First, we will create a subset based on the frequency of executions by Year. To add another dimension to the data, we will also incorporate our predefined variable Era. We will use this data in conjuction with geom_point to reveal trends in the number of capital punishment executions over time.

# count of executions by year & era
                        
count_Years <- scrubbed %>% group_by(Year, Era) %>%
  tally()

2. Count of Method

Next, we will create a subset that includes only the Year and Method variables. We will use this data in conjuction with geom_bar to show the prevalence of methods over time.

# to save variables year & method to new subset

Method_Vars <- c("Year", "Method")
count_Method <- scrubbed[Method_Vars]
count_Method <- na.omit(count_Method)

3. Count of Crime

Next, we will create a subset based on the frequency of executions by Crime.

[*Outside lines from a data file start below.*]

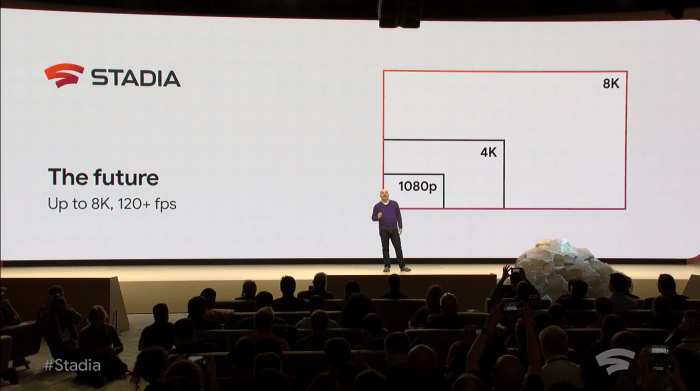 Dans le domaine des promesses en matière de puissance et autre gros fps, Google avance avec des ambitions énormes. La principale, c’est évidemment celle d’une définition toujours plus grande, Stadia devant tourner avec une puissance de pas moins de 10,7 teraflops. Un chiffre qui ne dira peut-être rien à celles et ceux qui ne connaissent pas trop ce vocabulaire (j’en fait partie, j’ai farfouillé pour comprendre de quoi on me parlait) mais, tout ce que je peux vous dire, c’est que ça envoie sévère 10,7 teraflops. C’est suffisant pour balancer du 4K HDR à 60fps a priori et, si on se concentre assez, du 8K dans l’avenir. Pour vous insérer tout cela dans un ordre de grandeur que Google ne s’est pas privé de donner, histoire d’afficher ses petits camarades, la Xbox One X (que Microsoft vend comme la console la plus puissante de touts les temps, etc…) ne tourne « qu’à » 6 teraflops et sa concurrente directe la PS4 Pro à 4,2 teraflops.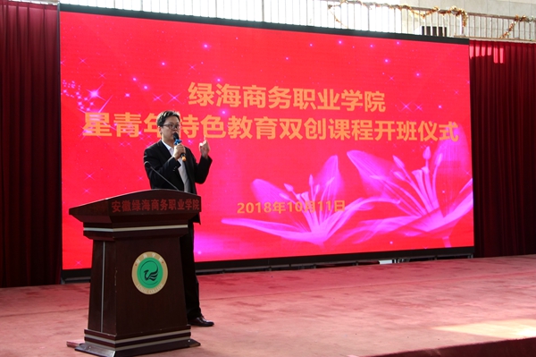 活动期间,吴俊成从政策、形势、机制体制、社会环境、服务条件等方面对双创工作进行了剖析,阐释了当代大学生的双创优势以及双创对自身成长、成才、成功的促进作用和重要价值。学生代表徐恒艳发起倡议,希望绿海学子要珍惜机遇认真学习,克服困难努力学习,融合实践分享学习。相信双创课程会给我们带来不一样的成长路径,相信我们会用优异的成绩向学校递上一份满意的答卷。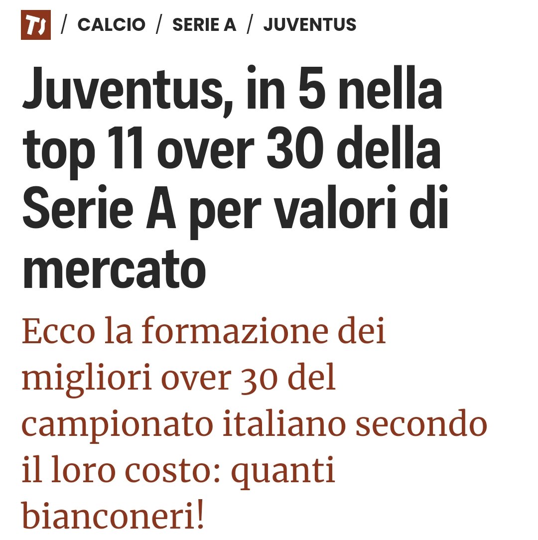 La classifica delle squadre con gli over 30 che hanno più valore di mercato. Comanda la Juve 🏆
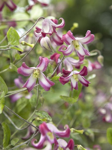 Clématite aux petites fleurs en forme de tulipe, rose vif à l'extérieur, blanches et rose à l'intérieur et anthères jaunes. Culture en pot possible.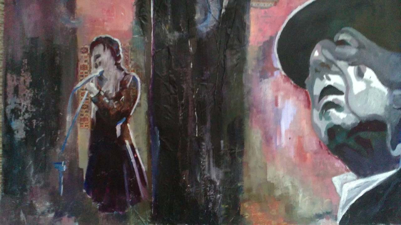 Leonard Cohen, geschilderd naar een foto genomen vanaf de TV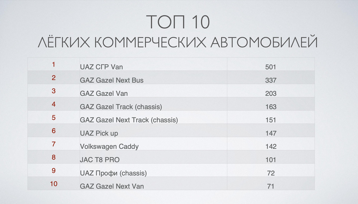 А вот продажи легких коммерческих автомобилей в прошлом году снизились.
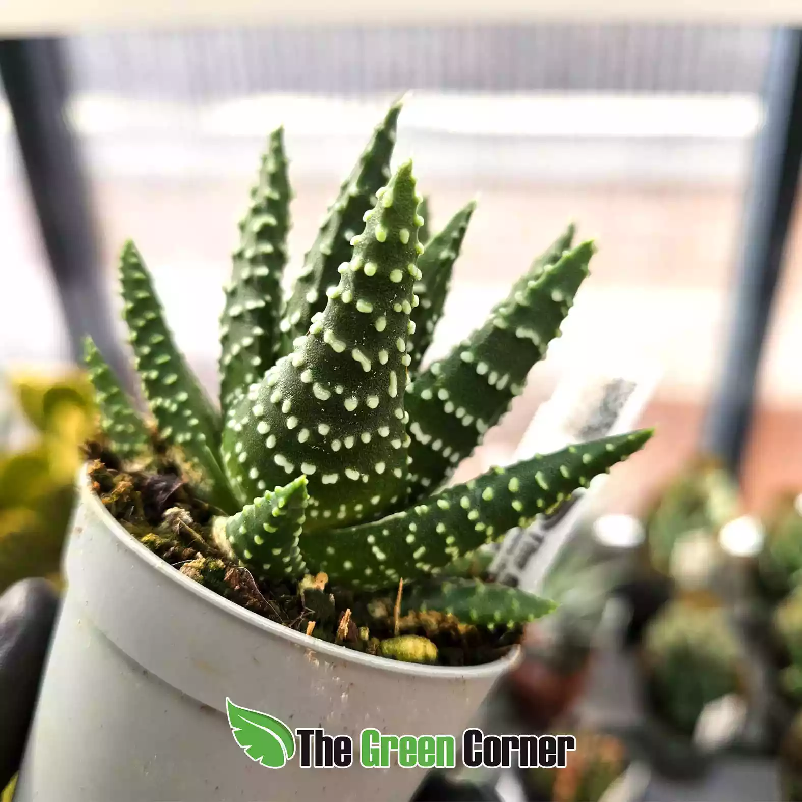 Haworthia papillosa es una suculenta compacta y muy resistente, apreciada por sus hojas carnosas de color verde oscuro cubiertas de papilas translúcidas que le dan un aspecto texturizado y brillante. Originaria del sur de África, esta especie crece en rosetas que se expanden lentamente y forman pequeñas colonias con el tiempo. Ideal para colecciones de suculentas, terrarios secos o cultivo en interior con buena iluminación, ya que tolera luz filtrada y temperaturas moderadas. Su mantenimiento es sencillo: necesita un sustrato muy drenante, riegos espaciados y evitar el exceso de humedad. Durante el verano puede florecer, produciendo delgados tallos con pequeñas flores blancas. Perfecta para quienes buscan una planta ornamental de bajo mantenimiento y aspecto exótico. En The Green Corner la ofrecemos en ejemplares seleccionados y cultivados en condiciones controladas, listas para prosperar tanto en interior como en exterior protegido.

We will use this data to assess the most prevalent convictions in capital punishment cases.

# count of executions by crime

count_Crime <- scrubbed %>% group_by(Crime) %>%
  tally()

This variable is different in that some observtions have values of NA. In order to create tidy graphs, we will need to eliminate these records.

count_Crime <- na.omit(count_Crime)

4. Count of State

Next, we will create a subset based on the frequency of executions by State. We will also include region in this grouping as it helps add another dimension to the data. We will use this in conjuction with geom_polygon and geom_bar to reveal trends in capital punishment across the US.

# count of executions by state & region

count_State <- scrubbed %>% group_by(State, Region) %>% 
  tally()

5. Count of Gender

Next, we will create a subset based on the frequency of executions by Gender. To round out the data, we will incorporate Year and Method. We will use this in conjuction geom_point to see the breakdown of executions by male and female.

# count of executions by year, gender, & method

count_Gender <- scrubbed %>% group_by(Year, Gender, Method) %>%
  tally()

This variable also contains observtions that have values of NA; we will need to eliminate these records.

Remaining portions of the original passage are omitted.